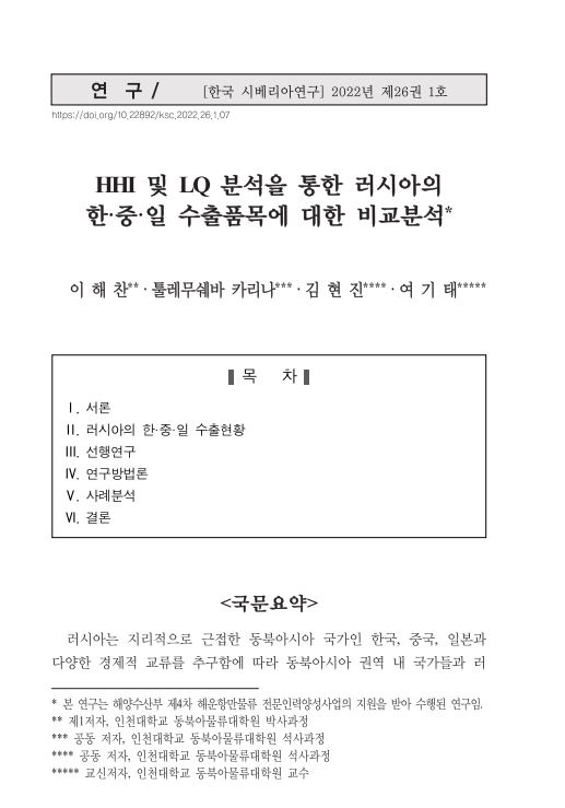 HHI 및 LQ 분석을 통한 러시아의 한·중·일 수출품목에 대한 비교분석 작성자 관리자 작성일 2023-02-23 조회수 81 저자 이해찬,툴레무쉐바카리나,김현진,여기태 학술지명 한국시베리아연구 게재년도 2022 링크 https://kiss.kstudy.com/thesis/thesis-view.asp?key=3939498
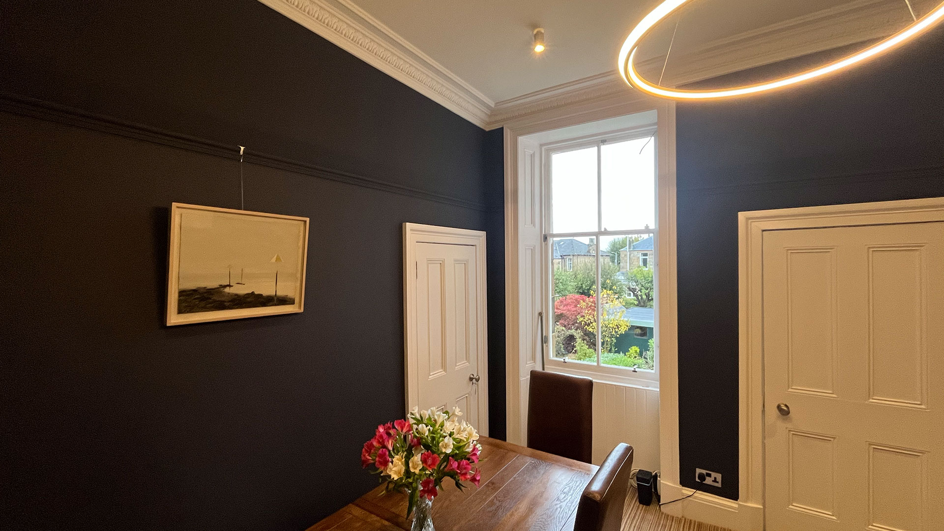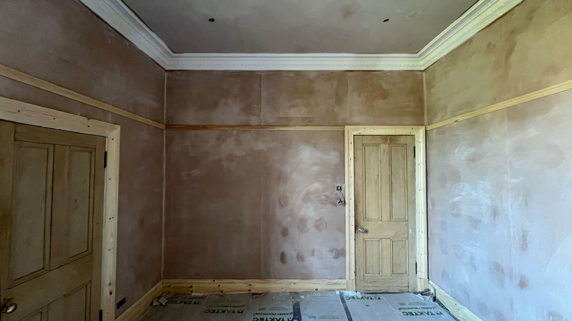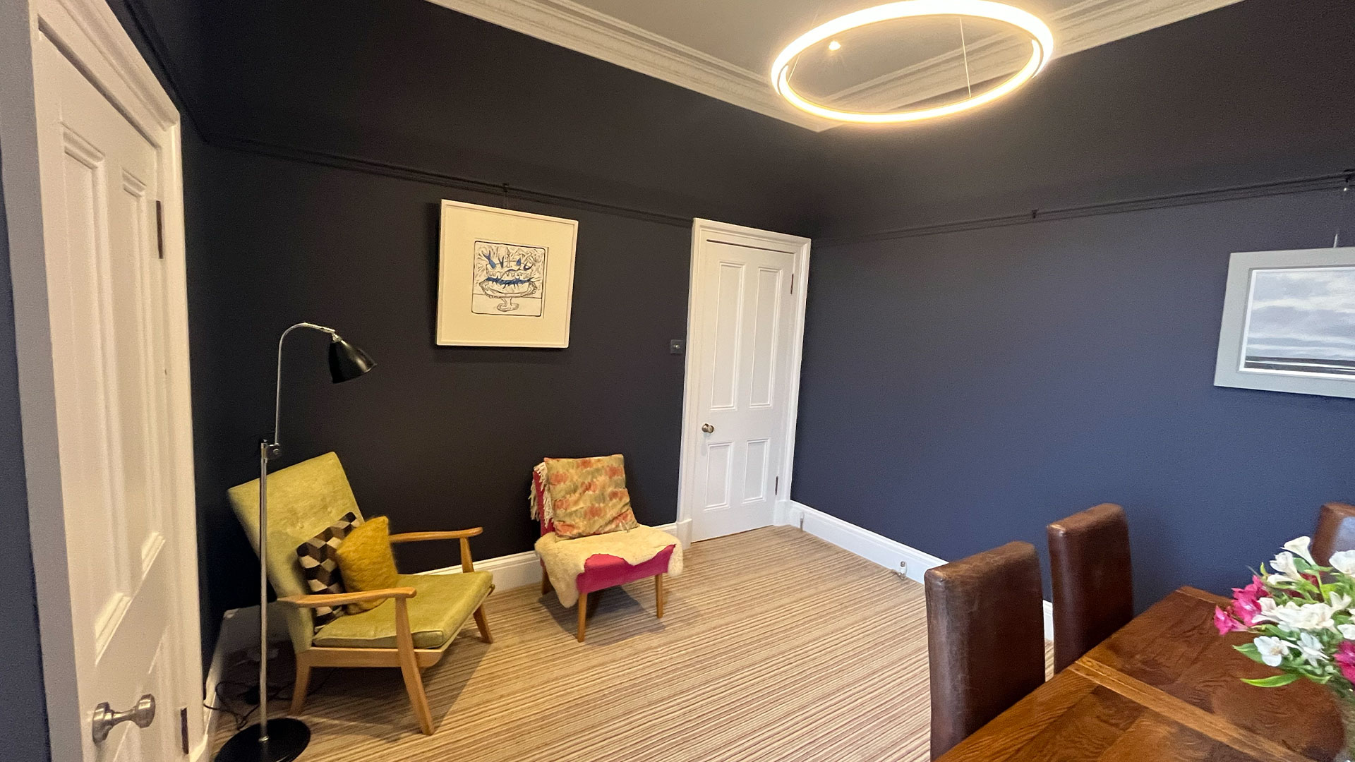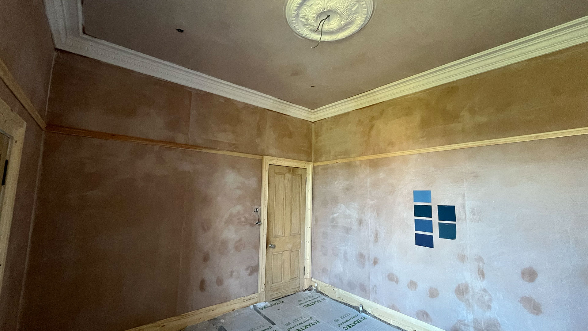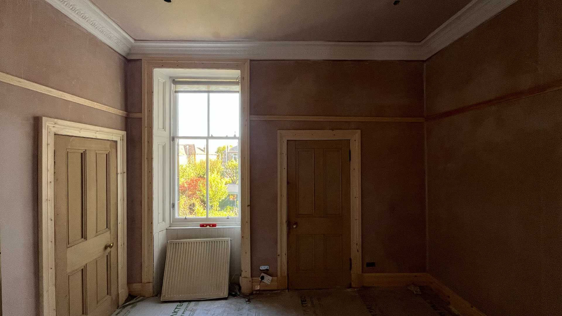For this familily home in Glasgow south side’s Giffnock area, JD Contracts stripped out the lath and plaster from the ceiling and walls, then re-sheeted ceiling and walls. Fitted new spotlights and sockets, radiatior, doors and facings. Replastered and redecorated.
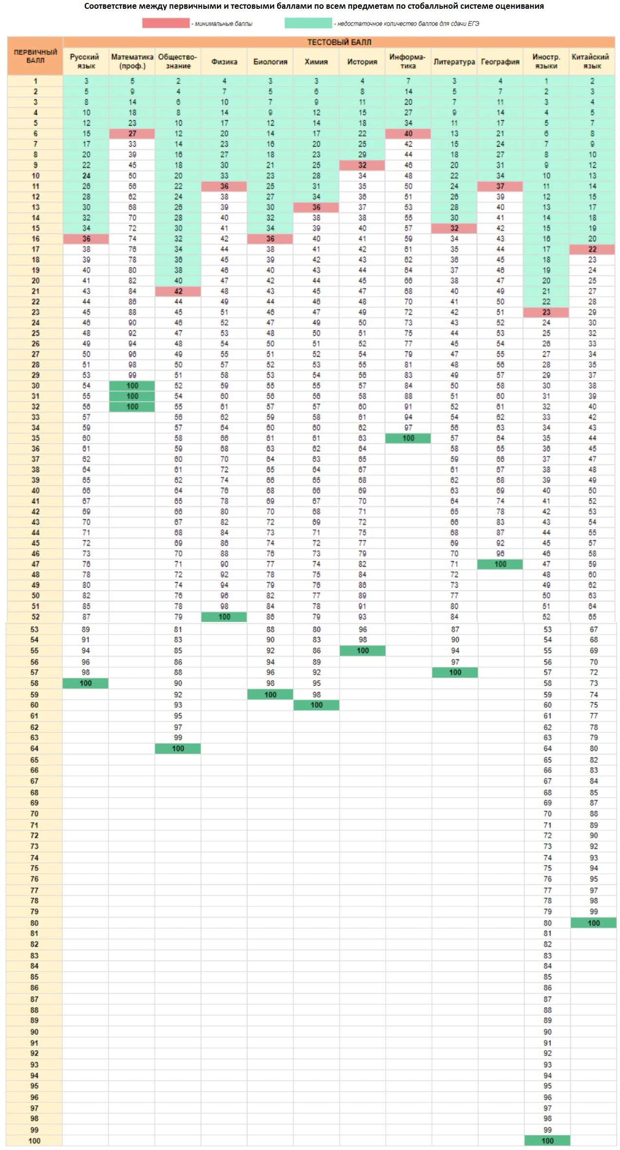 - красная линия – минимальный порог, необходимый для получения документа об образовании;

### WHAT YOU ARE ASKED TO DO
Could you give the listing above again word for word, without any pictures?

### ANSWER SPACE
 HHI 및 LQ 분석을 통한 러시아의 한·중·일 수출품목에 대한 비교분석 작성자 관리자 작성일 2023-02-23 조회수 81 저자 이해찬,툴레무쉐바카리나,김현진,여기태 학술지명 한국시베리아연구 게재년도 2022 링크 https://kiss.kstudy.com/thesis/thesis-view.asp?key=3939498
For this familily home in Glasgow south side’s Giffnock area, JD Contracts stripped out the lath and plaster from the ceiling and walls, then re-sheeted ceiling and walls. Fitted new spotlights and sockets, radiatior, doors and facings. Replastered and redecorated.
 - красная линия – минимальный порог, необходимый для получения документа об образовании;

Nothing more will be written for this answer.